I visited the campus that McDonald's is trying to convince Amazon to buy before it's abandoned - here's why that's an amazing idea for both companies
- McDonald's is leaving its longtime headquarters in Oak Brook, Illinois, this spring.
- The fast-food giant's more than 100 acres of land in the Chicago suburb is one site that has been proposed for Amazon's second headquarters project, called HQ2.
- Business Insider visited the headquarters and saw why McDonald's soon-to-be-abandoned campus could be a good fit for Amazon.
Amazon has a long list of demands for its new headquarters. Beyond finding the perfect city, the e-commerce giant needs to find a site with up to eight million square feet of space, a good quality of life, and easy access to an international airport.
The fast-food chain is moving its headquarters from Chicago suburb Oak Brook, Illinois, to the city proper in the first half of 2018. And, it wants Amazon to take over its soon-to-be abandoned campus.I recently had a chance to visit McDonald's headquarters - and saw why the property could be the perfect fit for Amazon.
McDonald's headquarters are located in a suburb of Chicago called Oak Brook.
McDonald's campus is located in a woodsy area with two ponds, boxed in by a country club and sports fields.
McDonald's campus is roughly 74 acres. It's a sizable patch of land containing two small lakes, a walking path, hotel, office buildings, and employee-training site Hamburger University.
I first visited the Lodge, which looks like a pretty standard old-school Hyatt from the outside.
Entering the hotel, it's easy to be lulled into the feeling that you aren't, in fact, on McDonald's campus.
Then, you catch a glimpse of one of the pieces of art hanging on the wall.
The variety of McDonald's-themed works of art is truly incredible.
Other than that, it's a lovely hotel — normal in every way, except the fact that Ronald McDonald lurks around every corner.
And yes, it has restaurants — and not fast food. In fact, a sign warns that visitors are not allowed to bring outside food into the lounge.
The same atmosphere pervades McDonald's campus as a whole — something that makes it ideal for Amazon ownership. There may be touches of the fast-food giant's presence, but it is far from overwhelming.

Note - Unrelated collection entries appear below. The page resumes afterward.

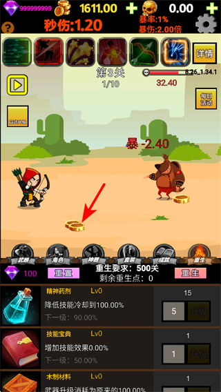 1、在游戏中,持续攻击敌方怪物,攻击操作是积累金币的关键操作,持续攻击可快速获取金币,用于武器升级、强化等资源消耗。
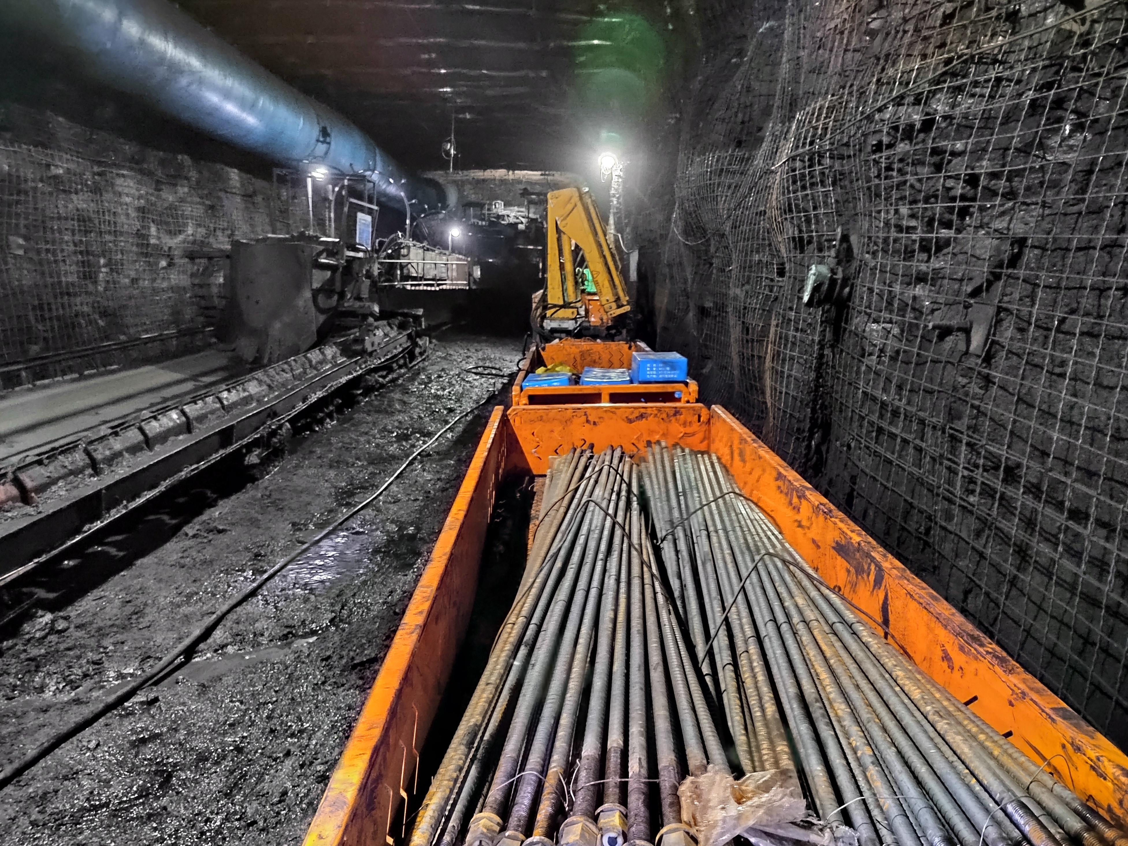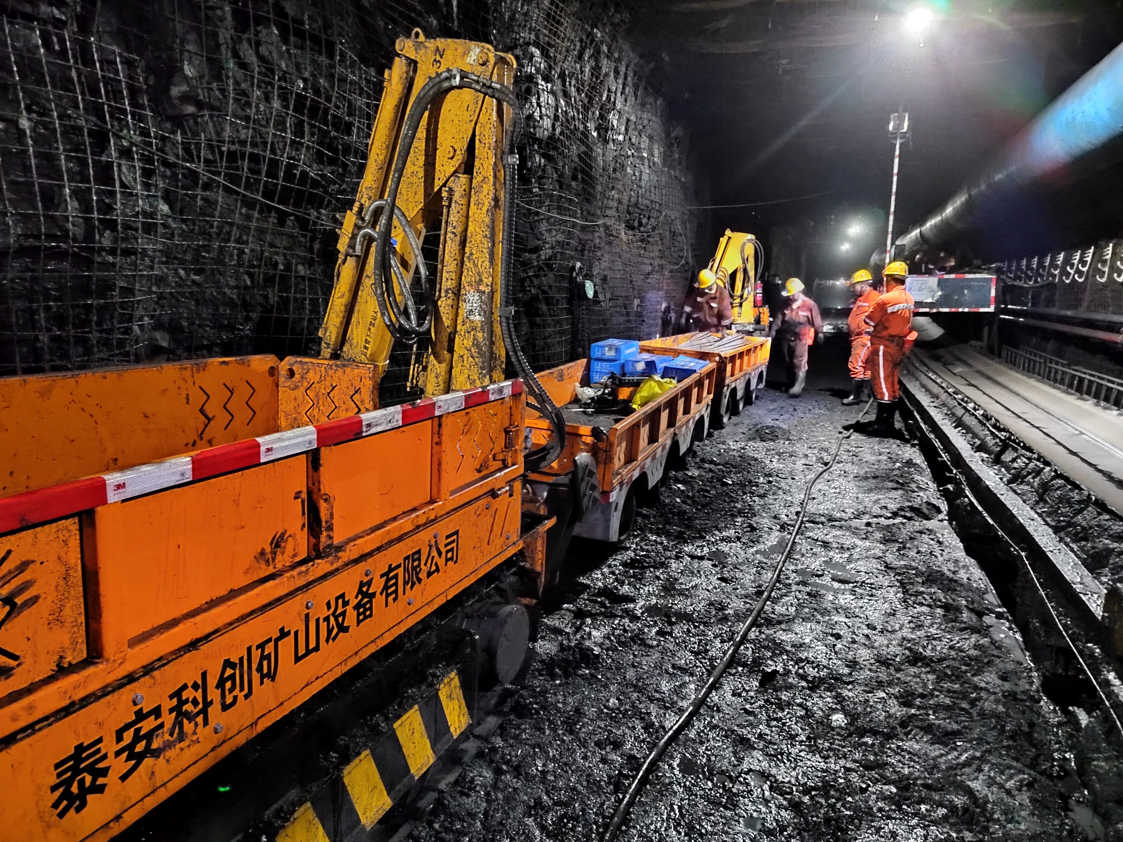 目前掘進(jìn)作業(yè)中,受巷道空間條件所限,膠輪車等運(yùn)輸車輛只能把輔助材料運(yùn)到距離迎頭 50 米處,然后 由人工推、拉、扛等方式把物料卸到迎頭位置,長期以來無法實(shí)現(xiàn)機(jī)械化運(yùn)輸輔材,該工藝工人勞動(dòng)強(qiáng)度大, 工作效率低,安全隱患多。減輕職工勞動(dòng)強(qiáng)度,提高人工效率,改善作業(yè)環(huán)境,探索無人化或少人化輔助運(yùn)輸 技術(shù),成為急需解決的問題。
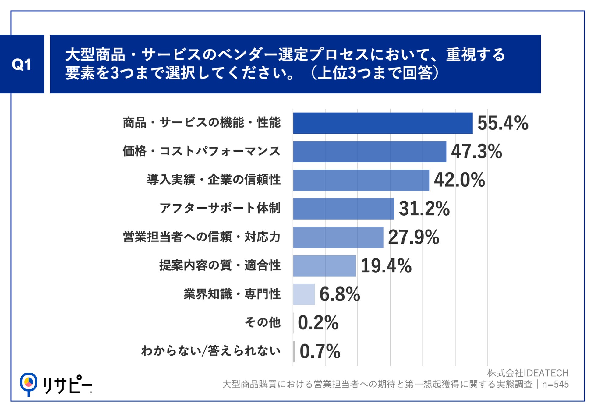 「Q1.大型商品・サービスのベンダー選定プロセスにおいて、重視する要素を3つまで選択してください。(上位3つまで回答)」(n=545)と質問したところ、「商品・サービスの機能・性能」が55.4%、「価格・コストパフォーマンス」が47.3%、「導入実績・企業の信頼性」が42.0%という回答となりました。
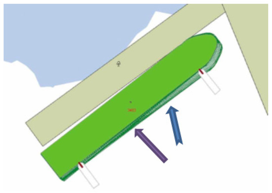 Traditional tugboat push/pull method used in ship berthing operations (blue arrow—current; purple arrow—wind) [34].
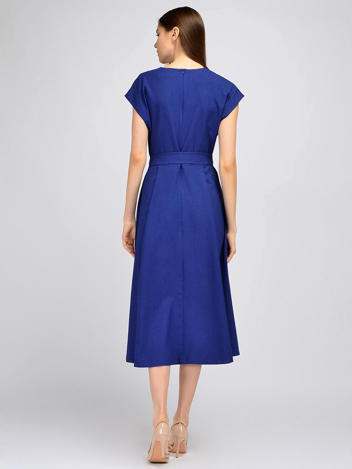 Платье миди с поясом. Если Вы ищете элегантное летнее платье на выход или на работу, обратите внимание на платье миди с акцентным поясом. Деликатный V-образный вырез приоткрывает ключицу, а струящаяся ткань платья будет притягивать взгляды к Вашей походке. На платье миди предусмотрены удобные втачные карманы. V-образный вырез. Без отделки горловины. Рукава короткие. Рукава цельнокроеные. Комплектация пояс. Вид застежки молния. Декоративные элементы складки, карманы. Карманы втачные. Длина миди. Крой приталенный. Рекомендована стирка при температуре не более 30С. Приталенное платье миди с комплектным поясом поможет создать нужное настроение на торжественном мероприятии или на романтической встрече. Завершите утонченный образ обувью на каблуке, небольшой сумочкой на тонком ремешке и лаконичными украшениями.

On my self-guided tour of the campus, I was struck by how scenic — and expansive — the campus was.
First stop: Hamburger University, which is connected to the Hyatt by a bridge. McDonald's opened the $40 million facility in 1983.
A "Hamburger University" flag flies alongside the American flag outside.
But again, the McDonald's branding is minimal amidst the sculptures and winding walking paths.
Despite the chilly weather, it is a lovely campus to walk around.
Last stop: McDonald's offices.
McDonald's has a bigger office — McDonald's Plaza — that could additionally serve as part of a packaged deal for Amazon or other buyers. Combined, the two locations host roughly 3,000 corporate employees.
Inside, the on-campus headquarters has everything the typical workspace would — plus a test kitchen and a fully-functioning McDonald's.
Ultimately, the specific offices are less crucial to Amazon's pick for HQ2 than the space's potential.
McDonald's soon-to-be-ex-headquarters fit many of Amazon's qualifications, in both size and location.
Oak Brook could certainly use the replacement. McDonald's exodus has sent shockwaves through the suburb.
It's not in the depths of a city, so if Amazon wants to be in an urban center, they can look elsewhere — including eight proposed sites in Chicago proper. But, as I walked around the campus, I was impressed by the tranquility of the campus and the potential of the space.
It makes sense that McDonald's wants to leave as it works to improve its reputation and modernize the business. A more suburban spot for Amazon, however, could boost the company's reputation in different ways.
Further, McDonald's has been a symbol of American business across the globe for the last six decades. As Amazon's ambitions grow, it is increasingly becoming a new symbol of the nation.
As Amazon searches for its new headquarters, it is lucky enough to be looking at a time when an empty campus of another industry leader is up for grabs. Why shouldn't the e-commerce giant snatch up McDonald's campus while it is free?